Jane refused a bulletproof vest. The chief negotiator started talking at her, telling her what she mustn’t do, giving her a crash course in hostage psychology. As far as Paz could see, she was ignoring him entirely, eyes half closed, her left hand clutched around the little bag of powder. Then she seemed to snap awake. She caught Paz’s eye.

“Detective Paz, listen to me?I may not come out of there. If I don’t, I want you to promise me that you’ll get Luz to my family. She likes you. I don’t want her caught in the bureaucracy, foster homes … There’s a lawyer’s card in my bag. He’ll know what to do, but I want you to take her to Sionnet. Will you promise me that?”

Paz swallowed a large gob of spit and said that he would.

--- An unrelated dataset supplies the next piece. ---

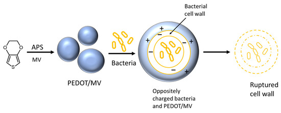 The antibacterial activity was evaluated using the minimum inhibitory concentration (MIC) according to CLSI/EUCAST as shown in Table 3. The MIC is the lowest concentration in mg mL−1 of the antibacterial agent to prevent the bacterial growth under defined conditions. For our current study, we have presented the effect of the MV dye on antibacterial properties of PEDOT:peroxodisulfate against the two bacteria, i.e., S. aureus and E. coli. PEDOT:peroxodisulfate itself exhibits MIC of 16 mg mL−1 against the both bacteria. With the introduction of the MV dye, an increase in the MIC values was observed for lower dye concentration. However, when further increasing the dye concentration, i.e., at 0.05 and 0.075 M, an improvement in the antibacterial activity of the PEDOT:peroxodisulfate was found. The MIC values obtained showed that the PEDOT:peroxodisulfate in the presence of the dye is more effective against Gram-positive bacteria compared to Gram-negative. The PEDOT:peroxodisulfate with the largest amount of dye presented the best antibacterial effect against the two bacteria. The antibacterial mechanism is generally explained by the electrostatic forces acting between the conducting polymer and the bacterial cell wall. The positively charged antibacterial agents are responsible for the disruption of cell membranes, ultimately leading to the death of the bacteria (Figure 11) [52]. Previously published reports showed the enhanced antibacterial activity of PEDOT:peroxodisulfate by preparation of composites with inorganic or organic materials. For example, Sedighi et al. showed that a composite of PEDOT with Fe2O3 nanoparticles possessed antibacterial properties against the S. aureus. [8]. Kiristi et al. reported the effect of chitosan in improving the antibacterial properties in PEDOT [21]. In addition, Kumar and coworkers demonstrated its antibacterial activity using fluorohydroxyapatite nanoparticles [53]. Herein, we have assessed the antibacterial activity of PEDOT:peroxodisulfate with the incorporation of an inexpensive dye by a facile, one step procedure, which has not been reported so far.

“Thank you. If I do come out, I want you to physically take me to an empty room, put me in, and lock the door. Don’t listen to anything I say, just do that. Oh, and there has to be a flame burning in the room, a candle, a gas burner, anything. It’s critical to have a fire. Can you do that?”

“Sure, no problem,” said Paz, and watched her pick up the tray of bread and wine and walk off down the hallway to the door of Chief Horton’s office. She paused, while the negotiators called Barlow and made sure that he knew that a woman was coming through the door with the delivery. The negotiator said, “Go!” Jane opened the door and walked through it. Paz pulled a fat plumber’s candle out of an emergency box and set it alight on a desk in an empty office. Then he rushed back to the monitors.

Jane was standing by the chief’s desk. She had obviously just put down her tray. Barlow was still ranting, pistol in hand. It was hard to see the expression on his face because of the camera angle. Only the top and back of Jane’s head were visible. Barlow was saying, “… and I will give power unto my two witnesses … power, and if any man, if any man hurt them fire proceedeth out of their mouths and devoureth their enemies …” Paz saw Jane toss some powder in the air and step close to Barlow, who snarled something unintelligible and pointed his pistol at Jane. Jane brushed by the gun and placed her hands on Barlow’s cheeks. Barlow staggered backward and stared up, directly at the camera, a look of surprise on his face. Then his head rolled back on his neck and he fell to the floor. They saw Jane stagger at that moment, cling to the desk for support, and then move shakily toward the door.